Moreover, as with most other things, when it comes to your free time, or disposable time as I prefer to call it, scarcity increases value. The less disposable time you have, the more precious it becomes, the more valuable it becomes. Think about it in extremes. If you had no disposable time (free time to do with what you wish), you would not be able to sleep at your own discretion (this is unfortunately a reality for some people who work long hour jobs or multiple jobs including night shifts). As such, most people would demand more money in exchange for working their 16th, 17th, and 18th hour of the day than the 4th, 5th, and 6th. They probably have at least six hours set aside to work anyway and will take what they can get in terms of income in exchange for that time. The 16th, 17th, and 18th hours on the other hand cut into the human necessity of sleep and for that reason they are very valuable. The same goes for the less extreme hours in between. There must be a gradual increase in the value of every hour between those two ranges of hours. The less disposable time you have, the more important are the things you have to cut for work such as time for meals with family or friends, time to go to the gym, time to read a book or watch TV, and time to just relax or enjoy your weekends.
Of course, this point about considering income per hour rather than annual salary cannot be considered in a vacuum because there are a host of other related factors that are also important in making decisions around what to do for money. For example, if the day to day composition of your work includes a number of tasks, practices and activities that you like or even love doing or that you might be doing anyway if you had the freedom to choose what to do with your time, then you should be willing to accept less income in exchange for your time because there is less of a difference in the enjoyment or utility of what you have to do for that income versus what you might otherwise be doing.

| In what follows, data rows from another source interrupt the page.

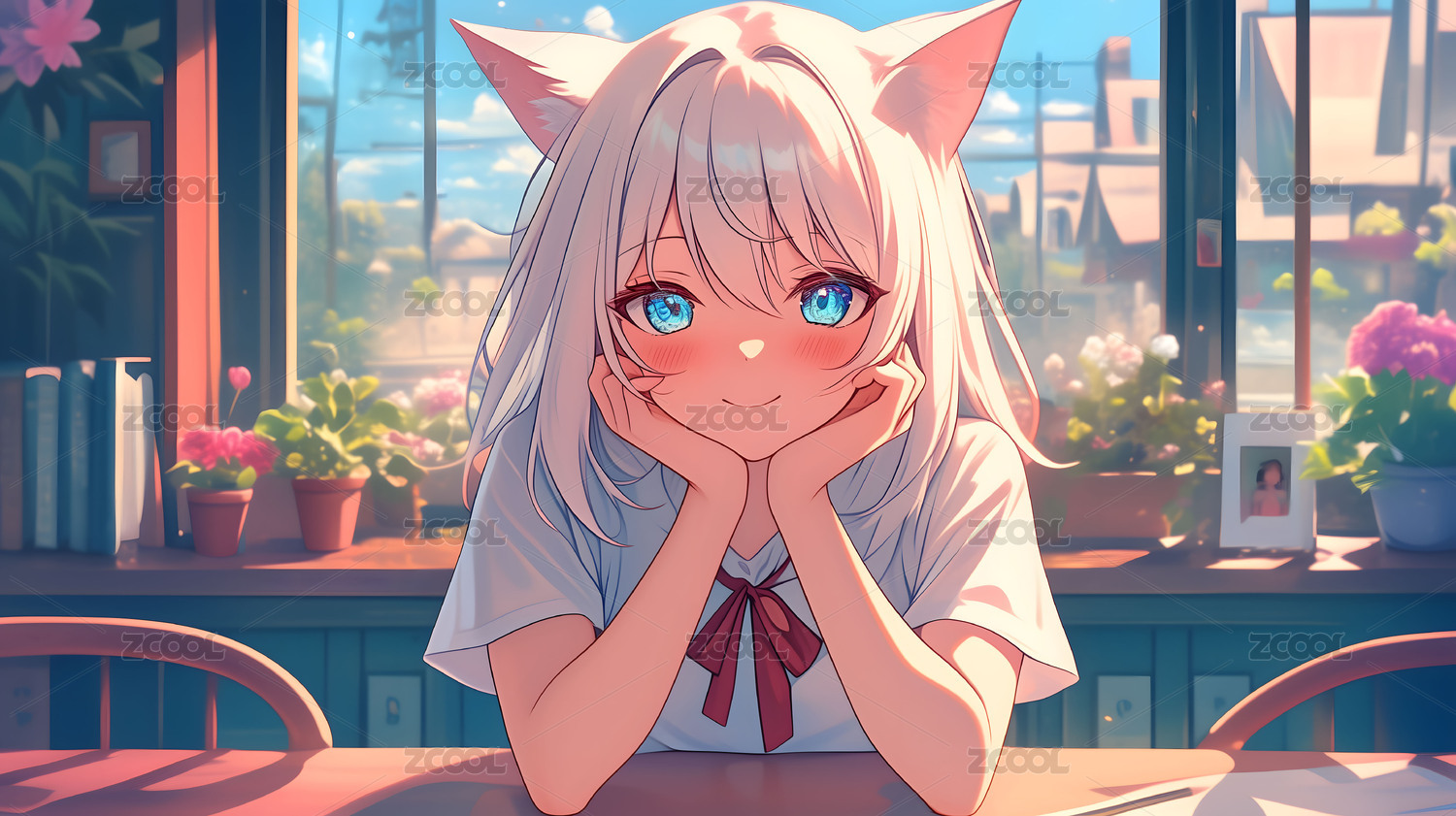 女孩,清新,温馨,二次元,少女,花盆,兽耳,花园
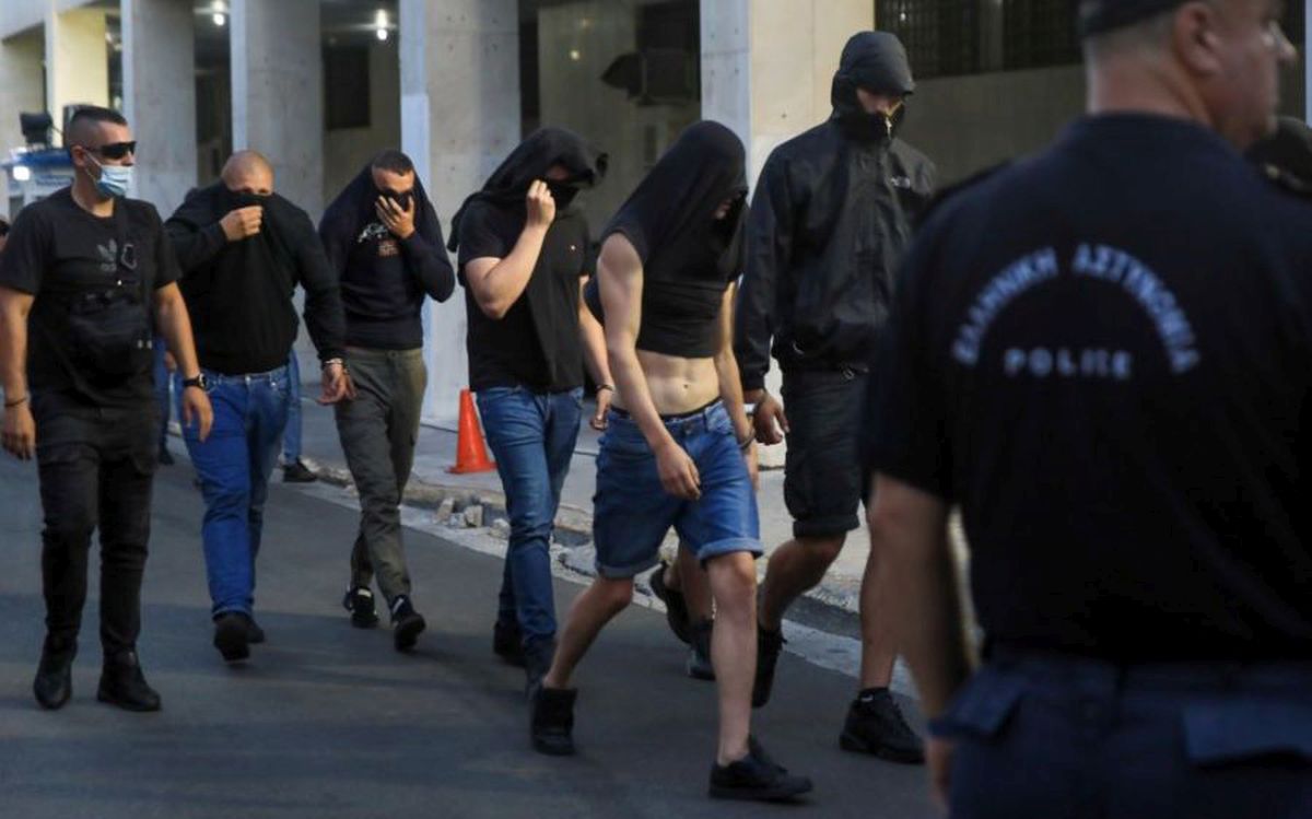 Nakon puštanja nekih od njih, ostala su 94, a oni su privedeni tužiocu, saopštila je agencija ANA. Sada su objavljene fotografije navijača koji dolaze na sud, gde ih policija prevozi autobusima.
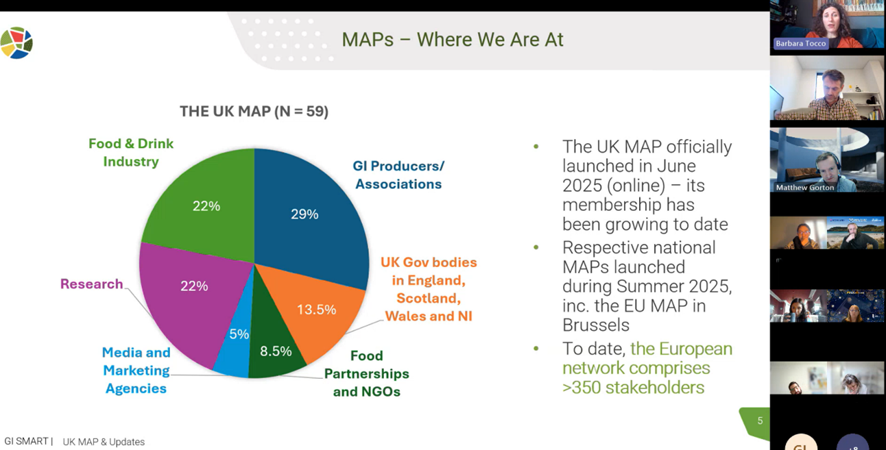 The second UK Multi-Actor Platform (MAP) meeting took place online on 10 December, bringing together 19 stakeholders from across the food and drink sector, government, research institutions and civil society. The meeting aimed to share latest consumer research findings from the GI SMART project and discuss opportunities and benefits for the UK MAP to get involved.
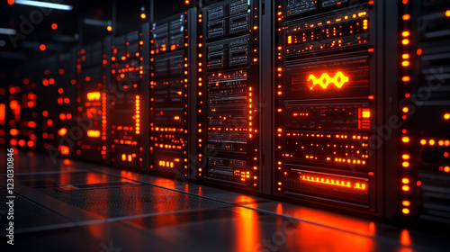 Digital data storage concept with glowing server and binary code minimalistic design bright tone modern technology with blurred background and empty caption space
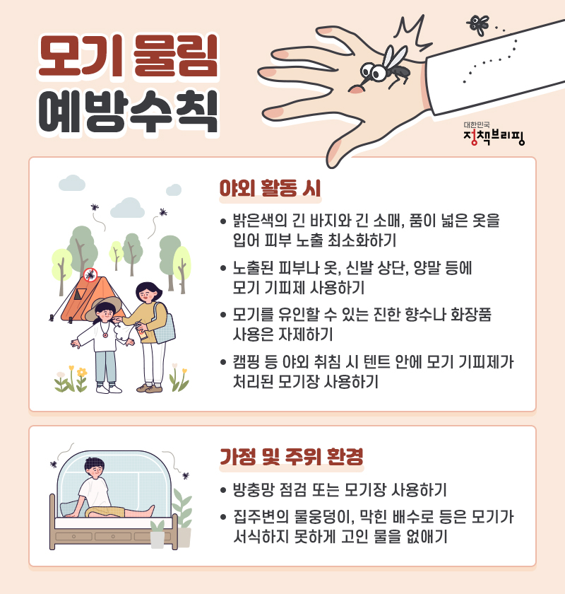 ‘일본뇌염’은 무엇보다 모기에 물리지 않는 것이 중요하므로 모기가 활동하는 기간에 지속적으로 모기 물림 예방수칙 준수가 필요하다. 구체적인 수칙은 다음과 같다.
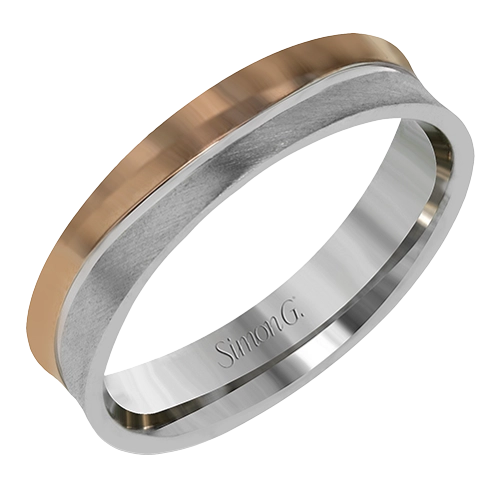 This contemporary men's band has a slim width and a two-toned design with rose gold on one side and white gold on the other.

Once in a while you hear people who love their jobs say things like "I feel like I have never worked a day in my life" or "If money was not a thing, I would be doing exactly the same work that I am doing now". Those people are mostly outliers and exceptions for now, but the optimist in me convinces the pragmatist that one day in the not too distant future it will become much more common as more menial tasks become automated and some form(s) of universal basic income increasingly provides people with more disposable income/time to live their lives as they please. In the meantime, most of us will continue to feel that we have to make some sort of trade off involving time for money. I suggest that we think about that trade-off in terms of hours as opposed to years. Forget salary.